_Work to be completed_
The task calls for the lines from the start of the entries below through the line with "田字塑料托盘因其底部结构呈田", given again verbatim, with every picture dropped.

_Dataset excerpts_
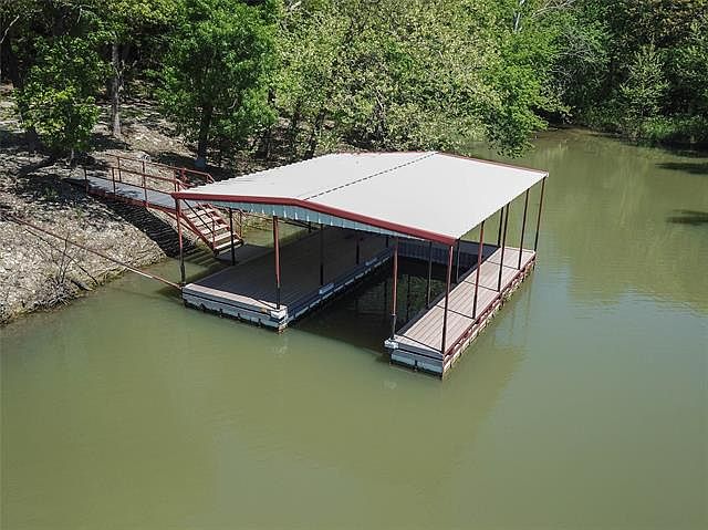 Boat Dock & Slip, Nice Shop, 3 Bed & 2.1 Bath on .70+ Acre on Moss Lake! With 103' waterfront, this lake property offers the perfect Scenic views on your privately owned covered dock tucked away in channel right off the main body of lake protecting from winds with; boat slip, Trex decking & electricity. Workshop has electricity & covered porch. A covered porch stretches across the front of Lake Home welcoming you into 2 large living areas, open floor plan, large island in kitchen, Master suite with generous bathroom, deck overlooks property leading down to dock. Concrete walkways and stairway leading down from the house & shop for easy passage to the dock. Plenty of parking around property! Covered 2 Carport!!
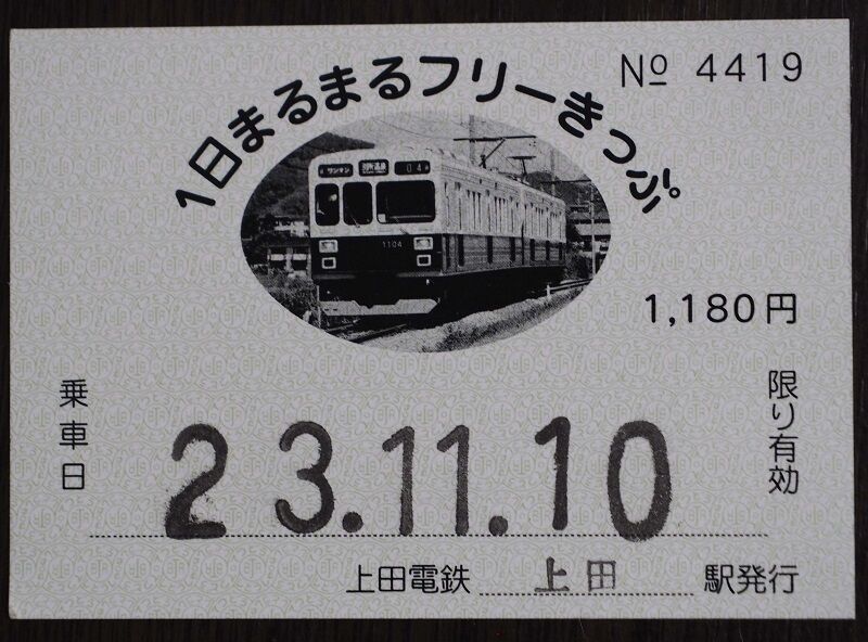 1日乗車券を買う。全線往復と同額だから、1回途中下車すればモトはとれる。実は私、上田電鉄は初めてなので、これから先はバージンロードなのだ。
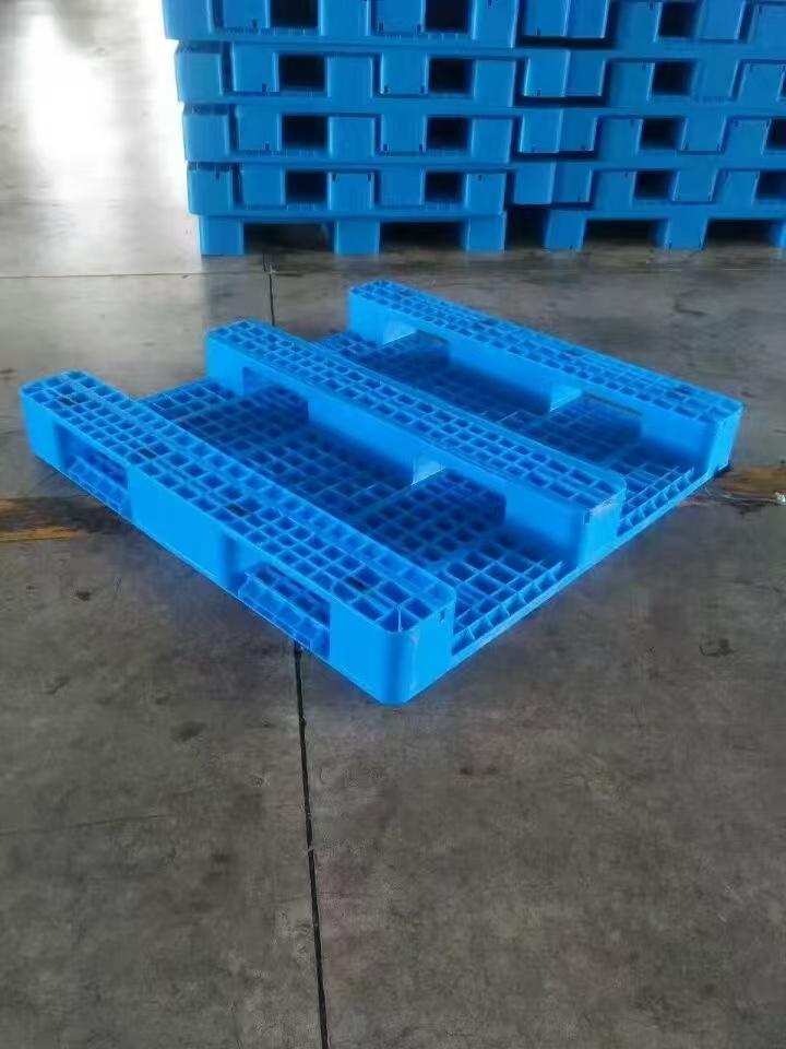 田字塑料托盘因其底部结构呈田字形而得名。田字结构使得托盘的受力更加均匀,具有较好的稳定性和承载能力。它既可以配合叉车使用,也可以用于地面堆垛货物。这种托盘在物流、仓储等行业应用较为广泛,能够有效提高货物的搬运和存储效率。
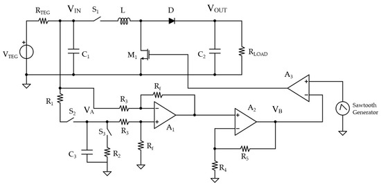 As mentioned in the previous paragraph, the fractional open-circuit voltage sensing is performed by closing switches S2 and S3 and opening the switch S1, in order to store the maximum power point voltage level by means of the capacitor C3. Here, an additional 100 nF capacitor C1 has been added at the output of the TEG source, in order to retain the output voltage during the switching transients. For the capacitor C3, a value of 1 μF has been chosen, while a resistive value of 10 kΩ has been selected for both resistors R1 and R2. The difference between the FOCV value and the instantaneous output voltage of the source is computed by means of the ideal op-amp A1 in differential amplifier configuration. All the resistors R3 and Rf have the same value of 200 kΩ. The PID algorithm introduced in the scheme of Figure 5 is here simplified to only a proportional contribution, represented by the non-inverting amplifier A2, where the gain has been set to 3, by means of the resistors R4 and R5.
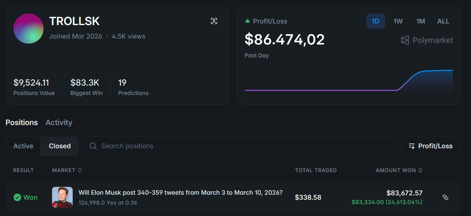 A trader reportedly turned $200 into $83,000 betting that Elon Musk would not tweet during a specific market window - Read
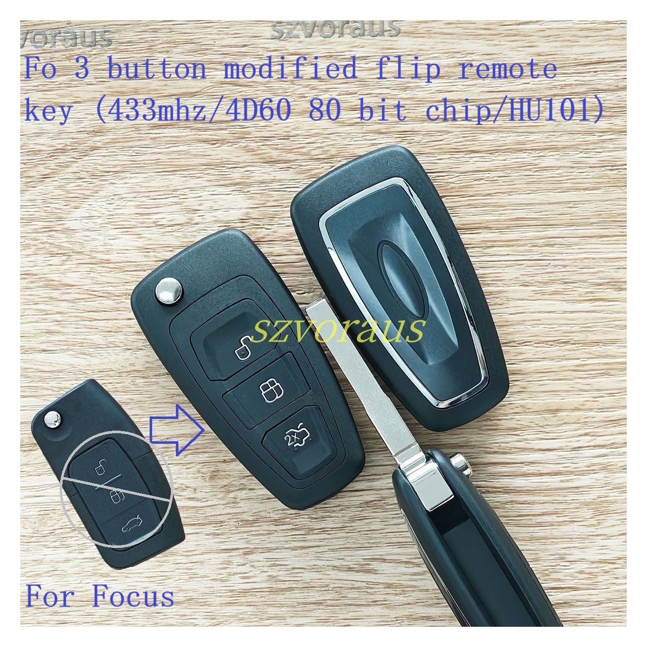 Fo 3 button modified flip remote key (433mhz/4D60 80 bit chip/HU101) For Focus
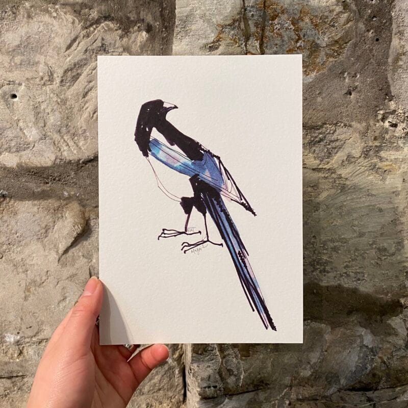 An A5 digital print of an original drawing – the superstitious collector, the Magpie
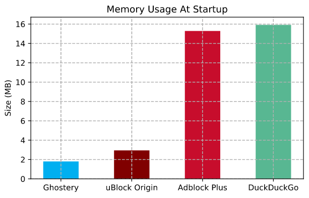 > uBlock Origin, требующие для работы 2-3 Мб ОЗУ. Потребление памяти Adblock Plus и DuckDuckGo составило приблизительно 15-16 Мб.
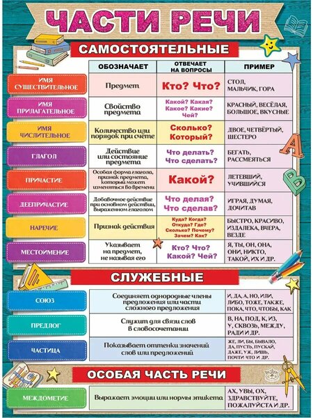 Плакат школьный на стену, части речи, русский язык, детский
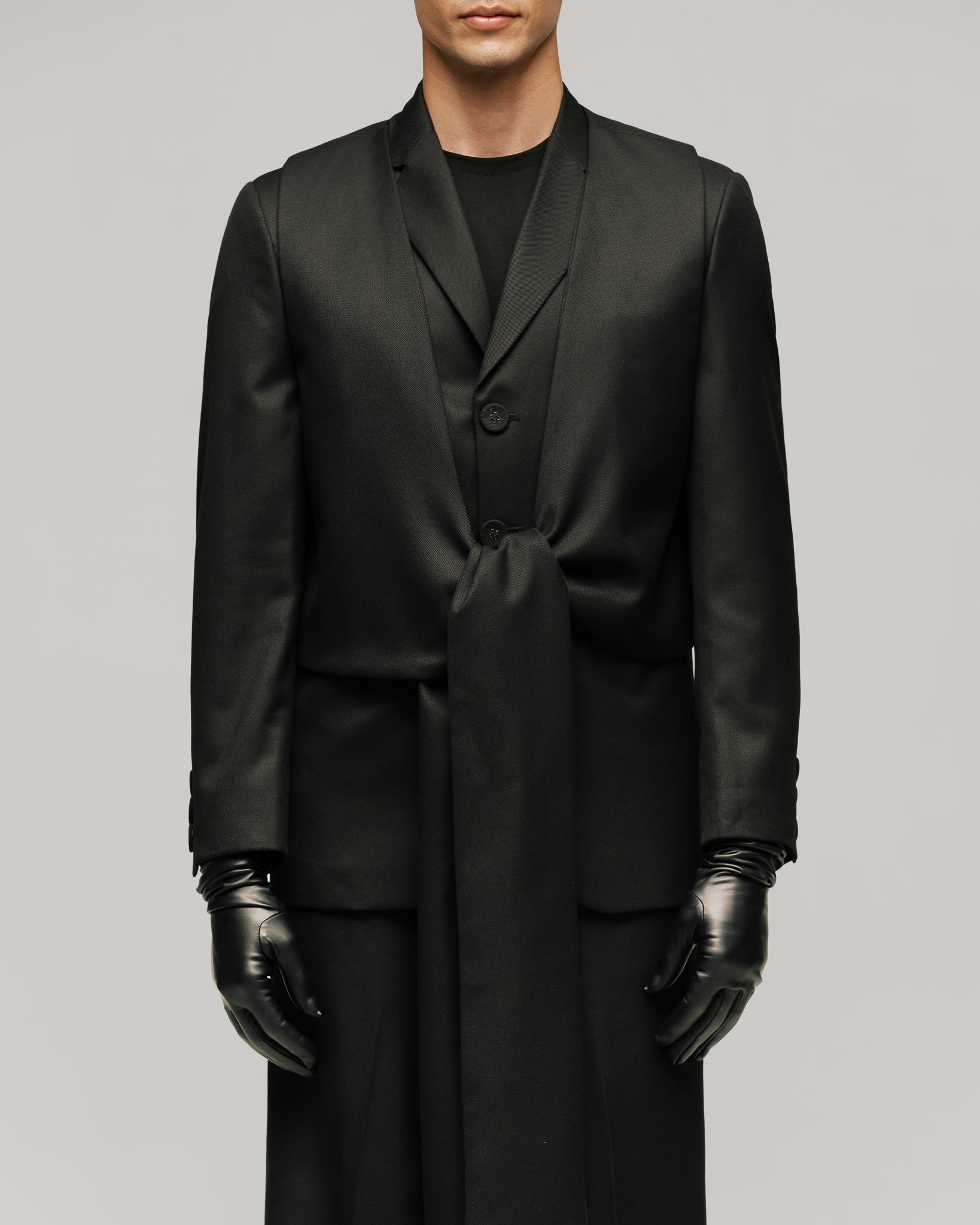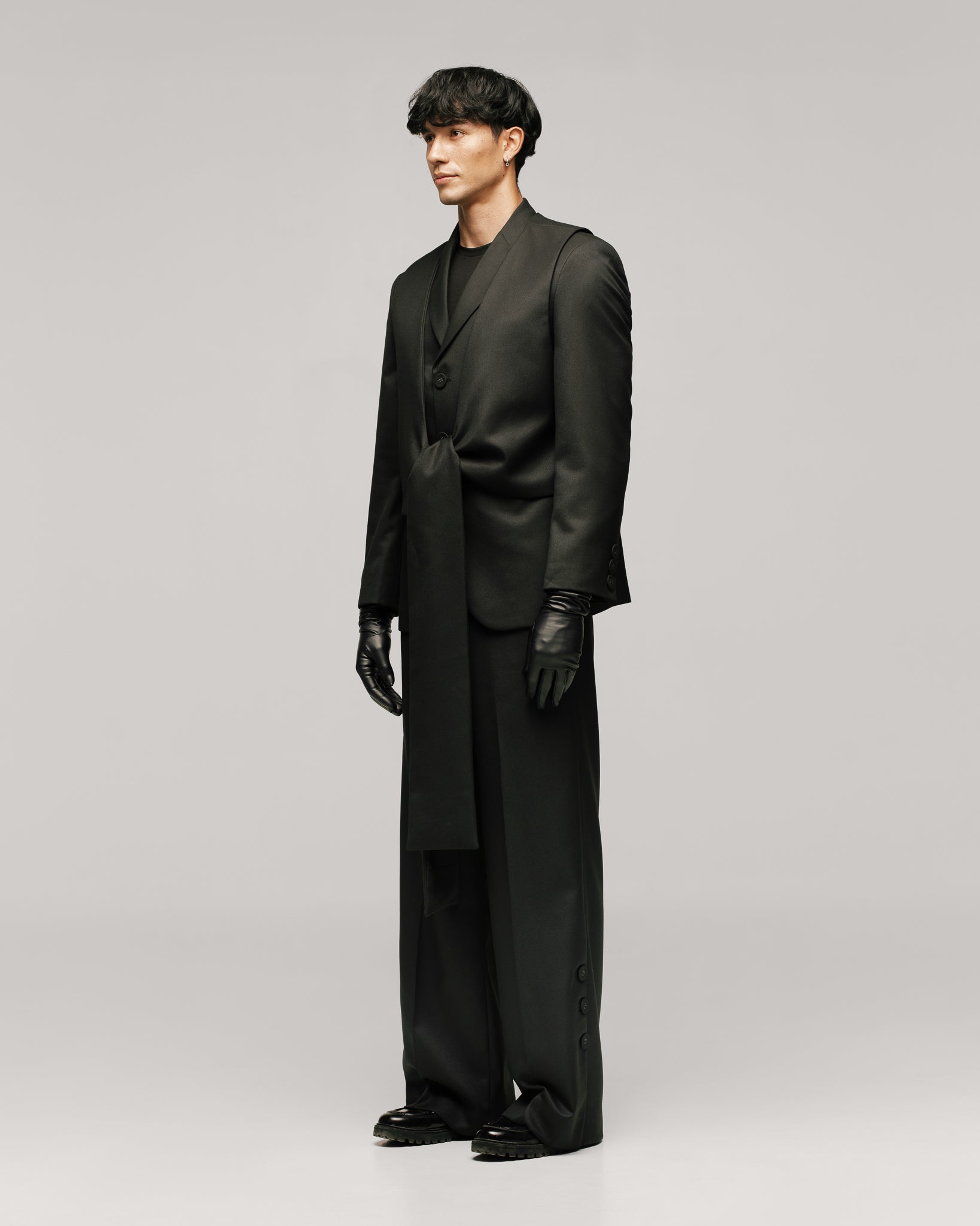 Traje de dos piezas en paño color negro. Se compone de: Chaqueta de silueta amplia, Solapa tradicional. Botonadura frontal con 2 botones forrados. Bolsillos de ribete. Se complementa con un chaleco removible, que se anuda en la parte delantera. Interior forrado en viscosa. Pantalón de tiro medio, bota recta.
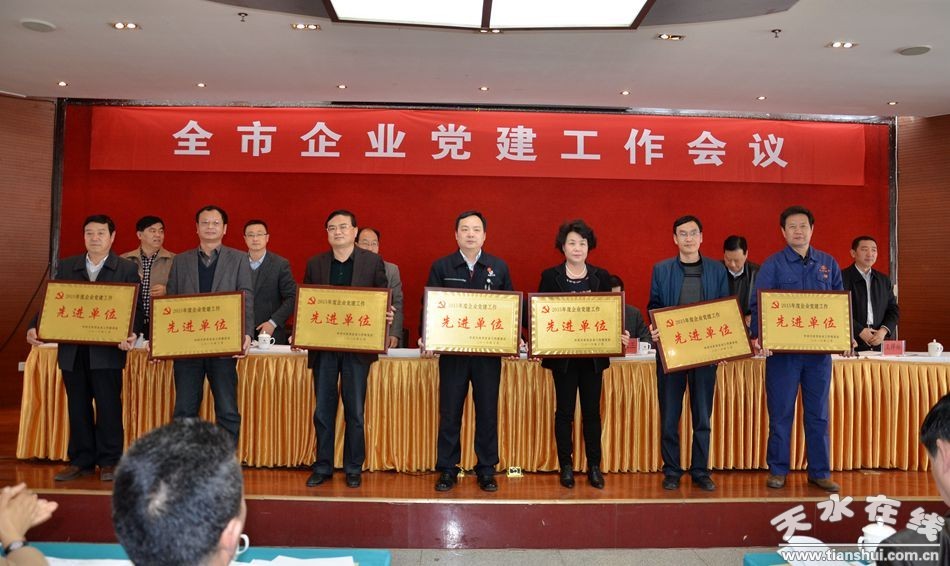 3月25日下午,全市企业党建工作会议在天辰大酒店四楼会议室召开,市委常委、政法委书记赵卫东参加了会议并发表了讲话,会议由市委副秘书长熊卫三同志主持,市企业工委书记、工信委主任、工信委党委书记王祥林做了企业党建工作报告,会上表彰了20户2015年度企业党建工作先进单位,天水锻压机床集党委荣获先进单位,受到表彰,并上台领奖。
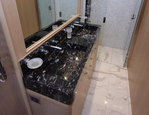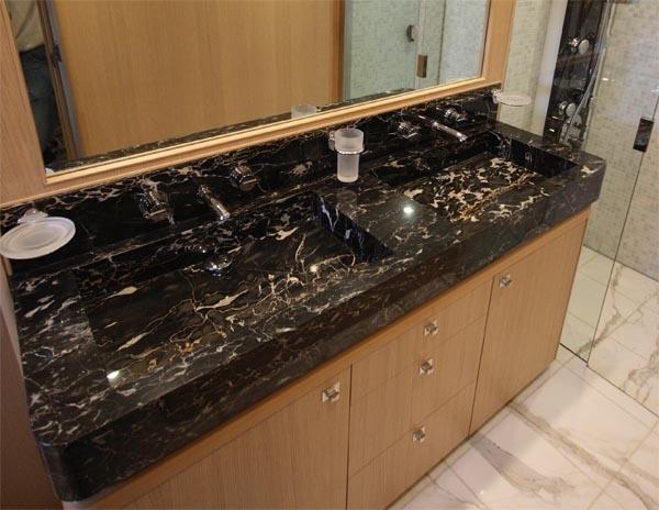 Из этого мрамора выполнена массивная столешница, объединенная с мойками. Изделие собрано методом склейки множества элементов, но визуально оно производит впечатление вырезанного из единого каменного монолита.

_Written response_
 Boat Dock & Slip, Nice Shop, 3 Bed & 2.1 Bath on .70+ Acre on Moss Lake! With 103' waterfront, this lake property offers the perfect Scenic views on your privately owned covered dock tucked away in channel right off the main body of lake protecting from winds with; boat slip, Trex decking & electricity. Workshop has electricity & covered porch. A covered porch stretches across the front of Lake Home welcoming you into 2 large living areas, open floor plan, large island in kitchen, Master suite with generous bathroom, deck overlooks property leading down to dock. Concrete walkways and stairway leading down from the house & shop for easy passage to the dock. Plenty of parking around property! Covered 2 Carport!!
 1日乗車券を買う。全線往復と同額だから、1回途中下車すればモトはとれる。実は私、上田電鉄は初めてなので、これから先はバージンロードなのだ。
 田字塑料托盘因其底部结构呈田字形而得名。田字结构使得托盘的受力更加均匀,具有较好的稳定性和承载能力。它既可以配合叉车使用,也可以用于地面堆垛货物。这种托盘在物流、仓储等行业应用较为广泛,能够有效提高货物的搬运和存储效率。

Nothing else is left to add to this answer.